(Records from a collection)
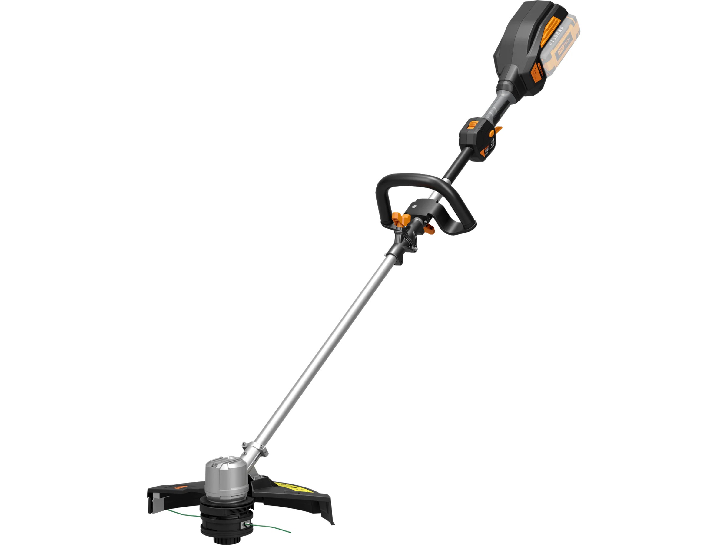 +62-volts batteridrevet gresstrimmer med børsteløs motor for bedre ytelse, lengre kjøretid og lavere støynivå. Redskapet har en diameter og kutte bredde (arbeidsbredde) på 40.6 cm. Kutte tråden er en 2mm dobbel trimmerline. Bump feed trådmating gjør det enkelt og mate ut mer trimmertråd uten og avbryte arbeidet. Håndtaket er et justerbart front loop håndtak for optimal ergonometri.
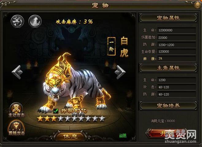 在妖魔入侵的世界中不单单可以击杀妖魔更可以将妖魔收服成为自己的得力助手,猛虎宠物攻击麻痹敌人永久增加主角属性让你的战斗更加轻松,宠物可以通过消耗一定量的元宝升级,等级越高麻痹敌人的几率越大,还可以激活神兽速率提升百分之50的攻击速度,光速平砍砍翻一切BOSS!
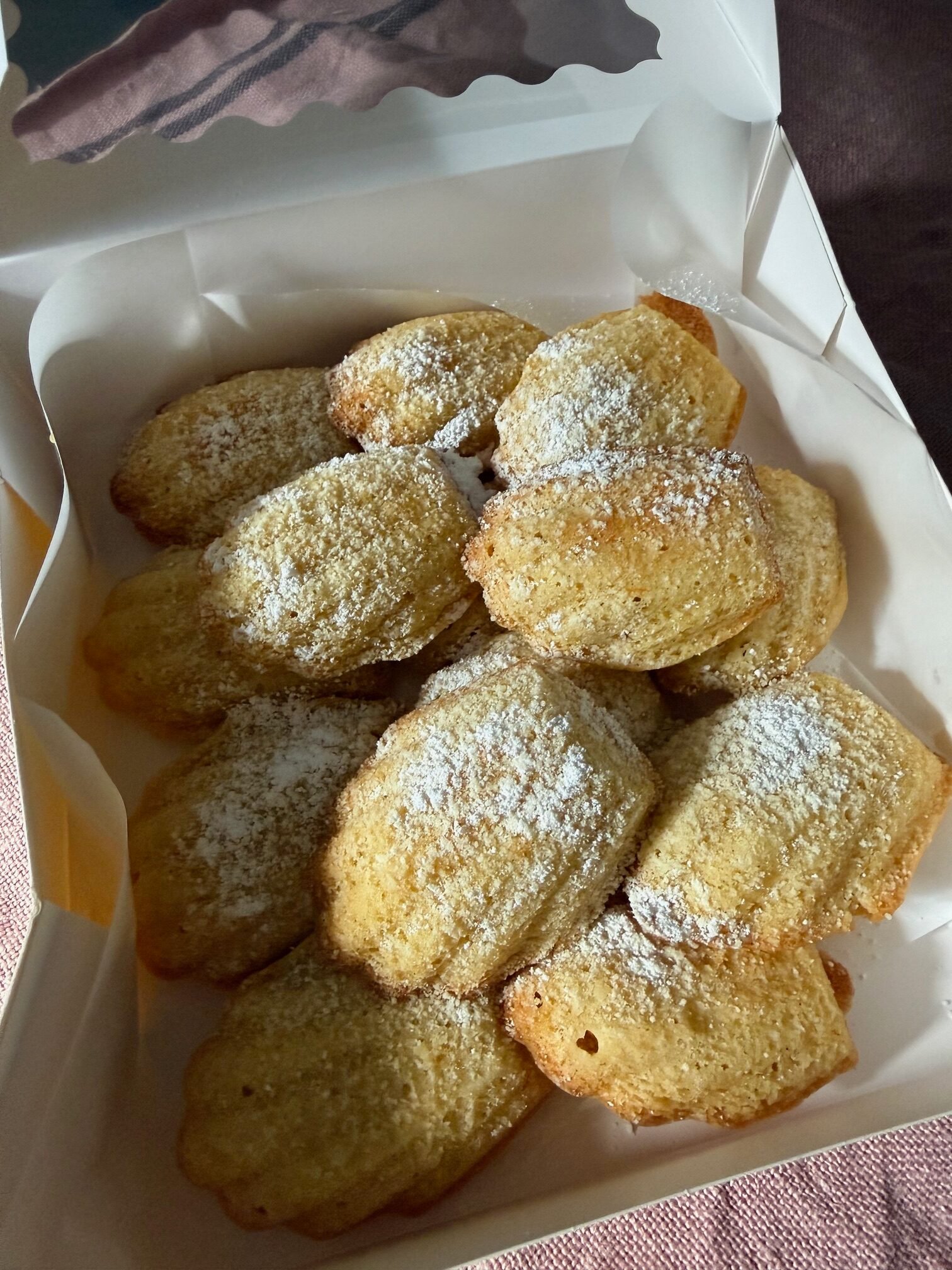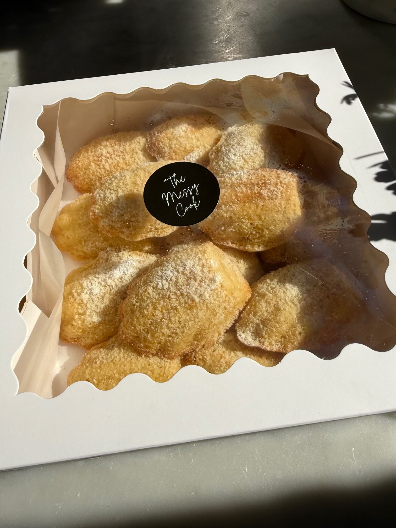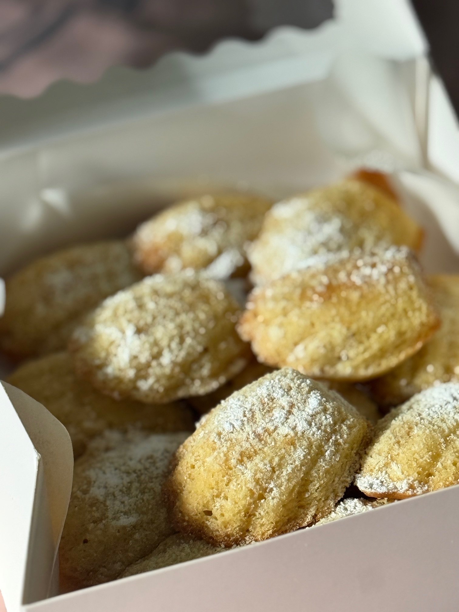 Madeleines are small, traditional French sponge cakes that are recognisable by their distinctive seashell shape. Originating from the Lorraine region in Northeastern France, flavoured with orange rind. Lovely with a cup of tea or coffee!
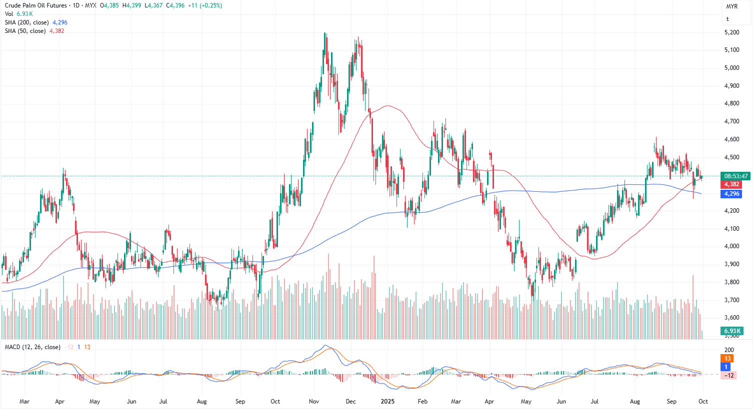 FCPO Dec month down 12 points or 0.27% to closed at 4385. Malaysian palm oil futures remained flat to supportive as production is coming down and expect export to rise in the coming months on festive season demand.
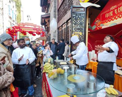 印度飞饼飞入武汉园博园 为汉口里新春庙会添欢乐
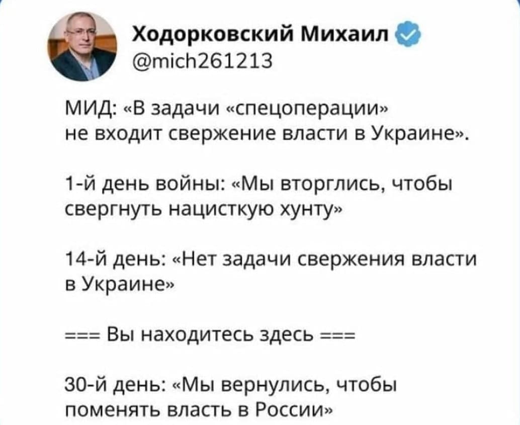 4. Наказание всех военных и политических преступников, пропагандистов, правоохранителей, участвовавших или поддерживавших агрессию против Украины и преследовавших демократическую оппозицию внутри РФ.
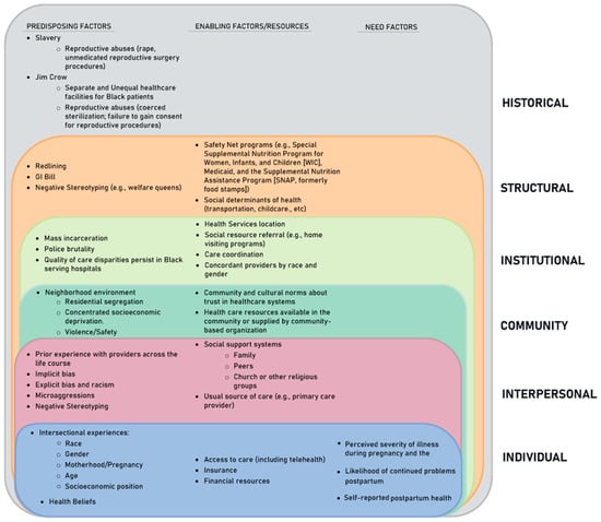 - Treder, K.; White, K.O.; Woodhams, E.; Pancholi, R.; Yinusa-Nyahkoon, L. Racism and the Reproductive Health Experiences of U.S.-Born Black Women. Obstet. Gynecol. 2022, 139, 407–416. [Google Scholar] [CrossRef]
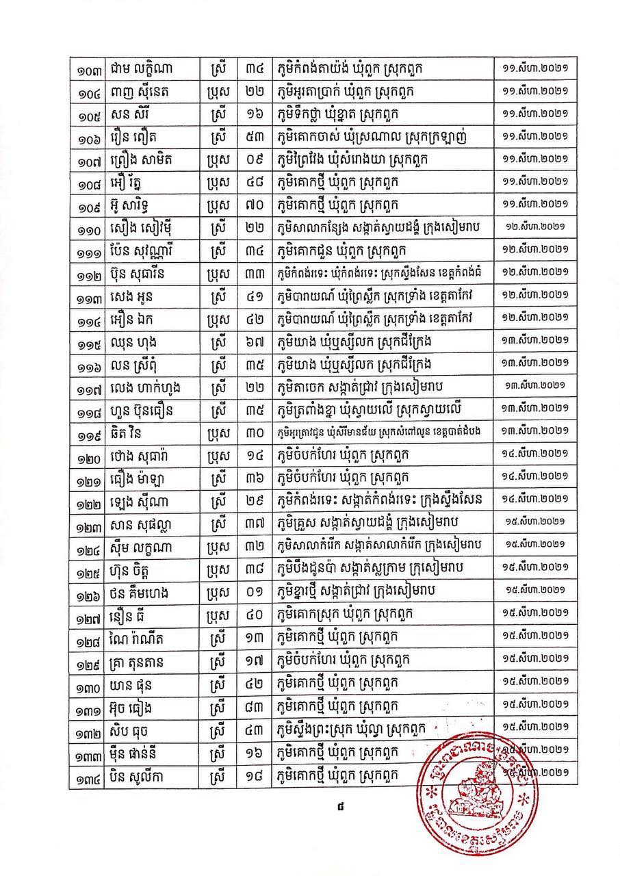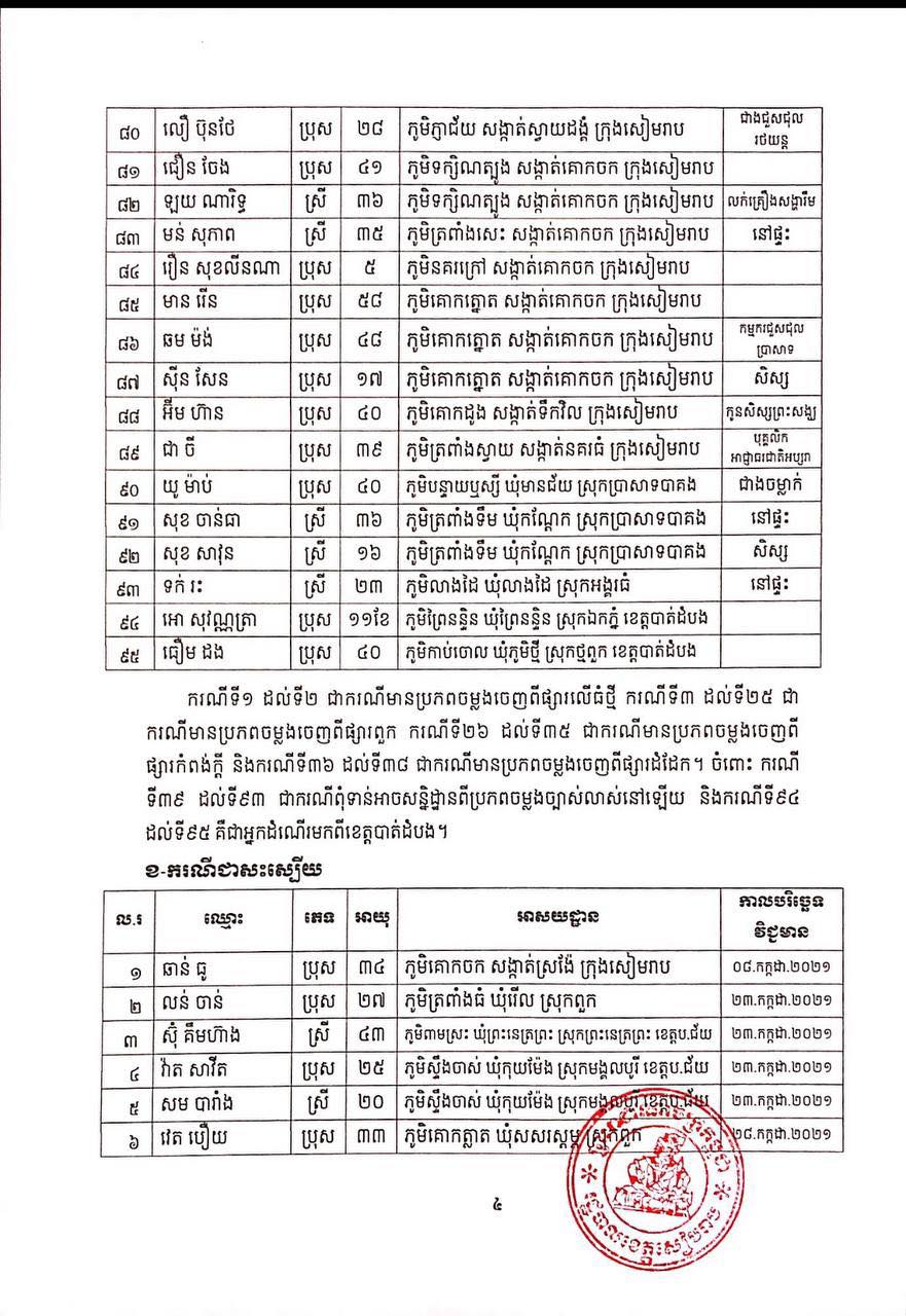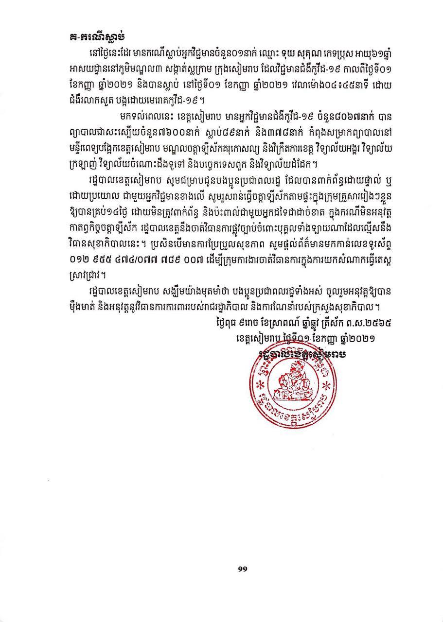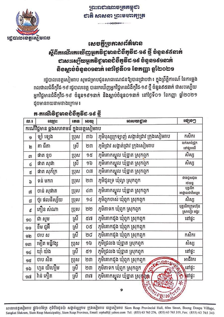 ខេត្តសៀមរាប៖ យោងតាមសេចក្ដីប្រកាសព័ត៌មានពី រដ្ឋបាលខេត្តសៀមរាប សូមជម្រាបជូនសាធារណជនឱ្យបានជ្រាបថា ក្នុងព្រឹត្តិការណ៍ នៃការឆ្លងរាលដាលជំងឺកូវីដ-១៩ រដ្ឋបាលខេត្ត បានរកឃើញអ្នកវិជ្ជមានជំងឺកូវីដ-១៩ថ្មី ចំនួន ៩៥នាក់ ជាសះស្បើយ អ្នកវិជ្ជមានជំងឺកូវីដ-១៩ ចំនួន ១៩១នាក់ និងស្លាប់ចំនួន ០១នាក់ នៅថ្ងៃទី០១ ខែកញ្ញា ឆ្នាំ២០២១ ដូចមានរាយនាមខាងក្រោម៖
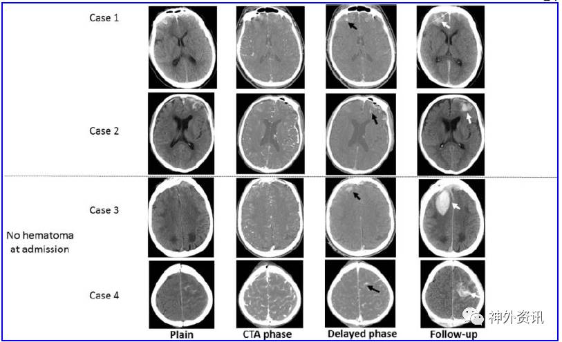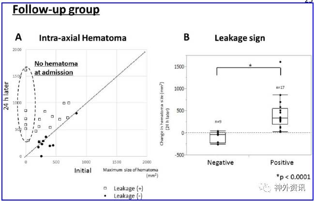 图3. 动态观察患者“渗漏征”与脑内血肿进展的关系。
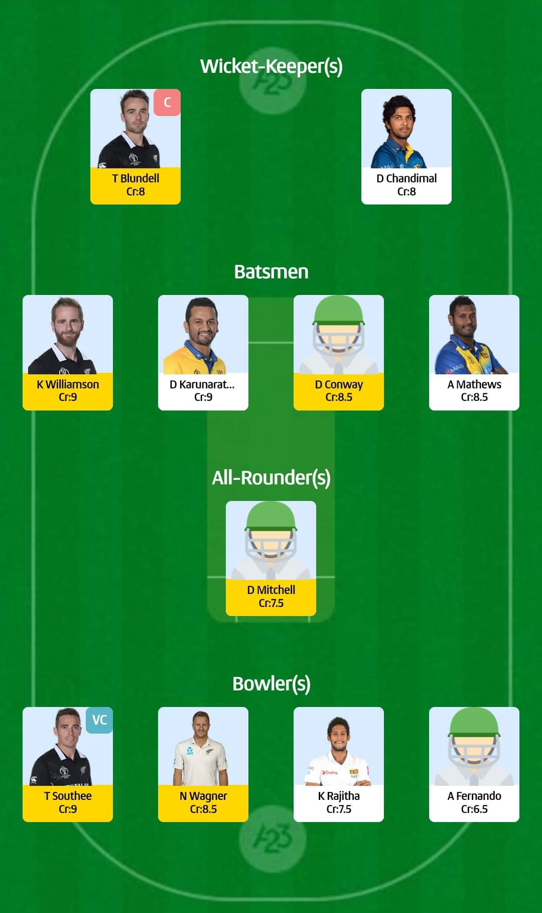 For grand league: Angelo Mathews (capt), Kane Williamson (vice-capt)
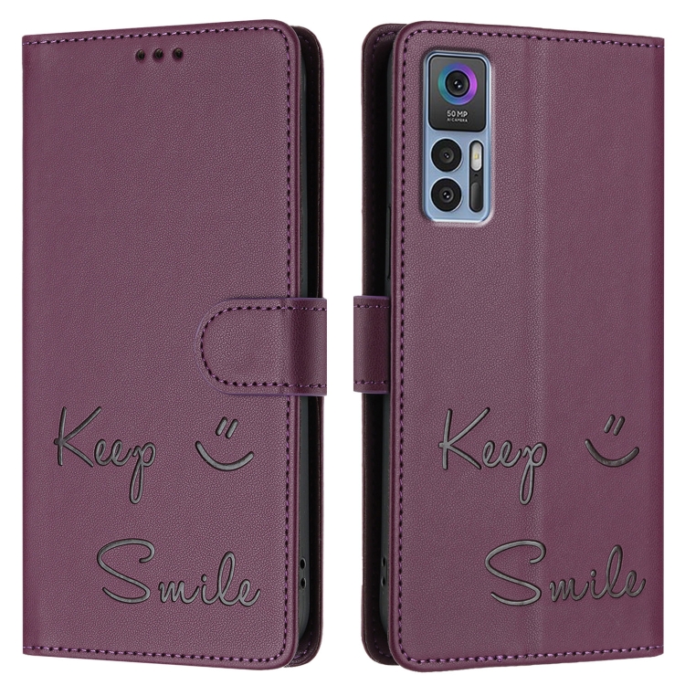 Funda de Cuero Rfid con Relieve Sonriente para TCL 30 4G/30 5G/30 Plus (Violeta)

# Problem to solve:
Exact copy, no pictures. Write out the lines in the entries above, starting with the line with "印度飞饼飞入武汉园博园 为汉口里新春庙会添欢乐" and going on through the line with "4. Наказание всех", keeping both.

# Task output:
 印度飞饼飞入武汉园博园 为汉口里新春庙会添欢乐
 4. Наказание всех военных и политических преступников, пропагандистов, правоохранителей, участвовавших или поддерживавших агрессию против Украины и преследовавших демократическую оппозицию внутри РФ.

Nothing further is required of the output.